Based on the above, we obtain the 5 movies that are most similar to movie with id: 471. They are:
William Shakespeare's Romeo + Juliet (1996),
"Jacob's Ladder (1990)',
'Bride of the Wind (2001)',
'Stop Making Sense (1984)',
'Mighty Wind, A (2003)',
'Kon-Tiki (2012)'.

## The Report 
### Motivation: 
I dig deep into ALS collaberative recommendation engine by using Spark MLlib and give recommendation with user based movie recommendation with a scalable matrix factorization technique.

### Step1

First I load four of datasets, namely movie, rating, links and tags and conduct a number of data explorations on these data to get some basic information, such as number of users, number of movies, number of ratings per users and per movies respectively, and distribution of movies on different genres.

### Step2

After doing data preprocessings, I build an ALS model based on the rating data to predict the ratings, which is treated as degree of preference of movies among different users.
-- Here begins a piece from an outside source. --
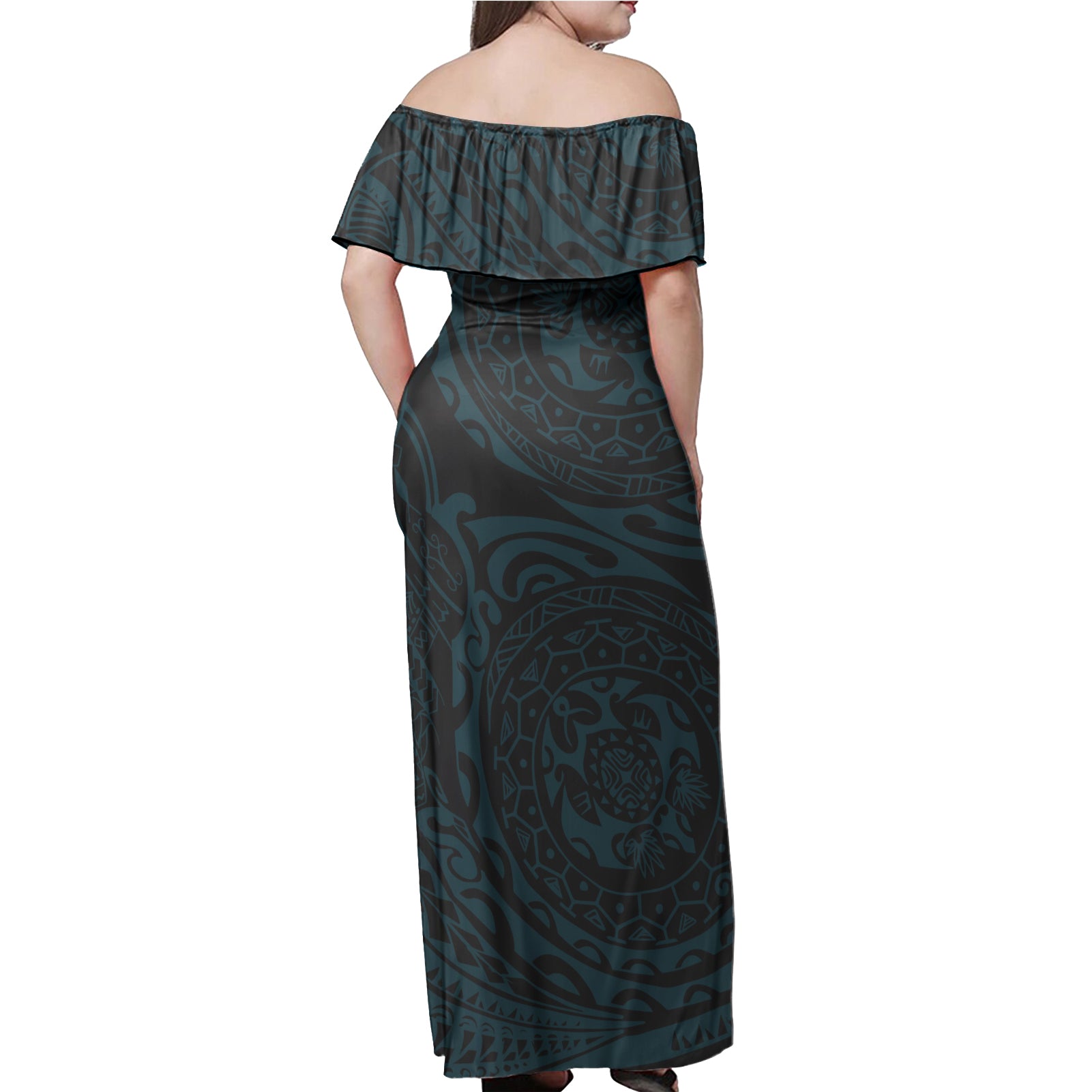 Polynesian Tattoo Style Women Off Shoulder Long Dress Version 2.0

The parameters (maxIter, rank, regParam) are tuned by grid search strategy via 5-fold cross validation to obtain the model with the smallest RMSE on the validation set. This is considered to be the best model for prediction.

### Step3

By the best model obtained from the above step, making predictions of ratings on movies in the test set and calculating the RMSE to evaluate the model performance  are preparing for the next step.

### Step4  

In this step, I use the prediction results by the best model to recommend 5 movies for userID 575 and 232 respectively; and we also find 5 movies that are the most similar to movie with movieID 471 and 463 by the approximate nearest neighbor search algorithm on the movie feature vector.

### Conclusion
The RMSE of the best ALS model on the test data is 0.71, indicating the model is with good performance in predicting the ratings for movies; ALS model is able to provide both recommendations of movies based on user's preferences and also similar movies to a specific movie, which shows its effectiveness as one of most critical techniques in recommendation system. More works can be considered to further improve the model performance, such as making use of information from other data sets such as genres of movies and tag information, building ALS model incorporatng both explicit and implicit feedbacks, and try some other techniques such as KNN, Deep Learning, applying ensemble based on several methods, and so on.